I have often done this without realising what I do. But a recent tweet (yes, a tweet can also be useful and informative!) from Prof. Arvind Narayanan from Princeton University made me think more thoroughly about it and I want to recommend it here to everyone!

Usually, we write a draft of a paper and then start editing it. We start editing at the beginning and proceed to the end, in sequence. Well, obvious, right? Our readers will do the same. Well, maybe not … ?

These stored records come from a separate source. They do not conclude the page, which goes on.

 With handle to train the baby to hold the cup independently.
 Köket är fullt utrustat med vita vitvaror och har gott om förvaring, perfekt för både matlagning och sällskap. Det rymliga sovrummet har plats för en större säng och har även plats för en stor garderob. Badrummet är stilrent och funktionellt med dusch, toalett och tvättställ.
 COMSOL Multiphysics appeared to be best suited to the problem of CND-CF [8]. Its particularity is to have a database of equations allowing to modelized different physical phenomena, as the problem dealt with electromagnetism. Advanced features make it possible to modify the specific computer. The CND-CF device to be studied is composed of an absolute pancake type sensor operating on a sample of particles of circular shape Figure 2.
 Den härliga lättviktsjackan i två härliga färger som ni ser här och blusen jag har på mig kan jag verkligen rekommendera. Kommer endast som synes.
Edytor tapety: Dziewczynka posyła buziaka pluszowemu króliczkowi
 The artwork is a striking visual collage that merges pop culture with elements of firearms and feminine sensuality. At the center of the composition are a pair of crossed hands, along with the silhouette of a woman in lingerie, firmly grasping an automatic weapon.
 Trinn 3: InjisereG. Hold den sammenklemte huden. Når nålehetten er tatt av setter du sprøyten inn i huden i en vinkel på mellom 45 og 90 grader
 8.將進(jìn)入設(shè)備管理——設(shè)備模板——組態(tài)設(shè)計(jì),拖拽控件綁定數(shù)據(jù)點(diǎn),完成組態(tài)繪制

  1. When you start editing from the beginning, the first sections will get really polished but the subsequent sections not that much… This is due to us getting tired of the editing process.
  2. Not all readers actually read research publications in sequence. I also don’t. I start with the abstract, skip the introduction and related works completely and get straight to the “research”. I skim the idea, skip all theoretical details and go straight to the results and discussion, which I read carefully. If I miss something there, I look in the respective section. So, those are also the sections which should be edited most carefully.
  3. Without sequence, you often ask yourself questions like “Did I explain this properly before and where exactly” or “Did I give enough details about this in the respective section?”.

So, when editing your papers try to follow these steps:

  1. Leave the paper aside for several days (if you have the time!)
  2. Start editing random sections. For example, just focus on your result section and draw all loose ends that you discover in the other sections.
  3. After you did so at least twice for each section, read the paper again from front to back.
  4. Give the papers to at least 2 colleagues for review. Incorporate their feedback.
  5. Anytime one of your reviews feels like the reviewer (whether colleague or anonymous) did not understand something, ask yourself: Did I explain it properly? Did I explain it on time? Do I need to remind the reader about it?

Have fun editing your papers!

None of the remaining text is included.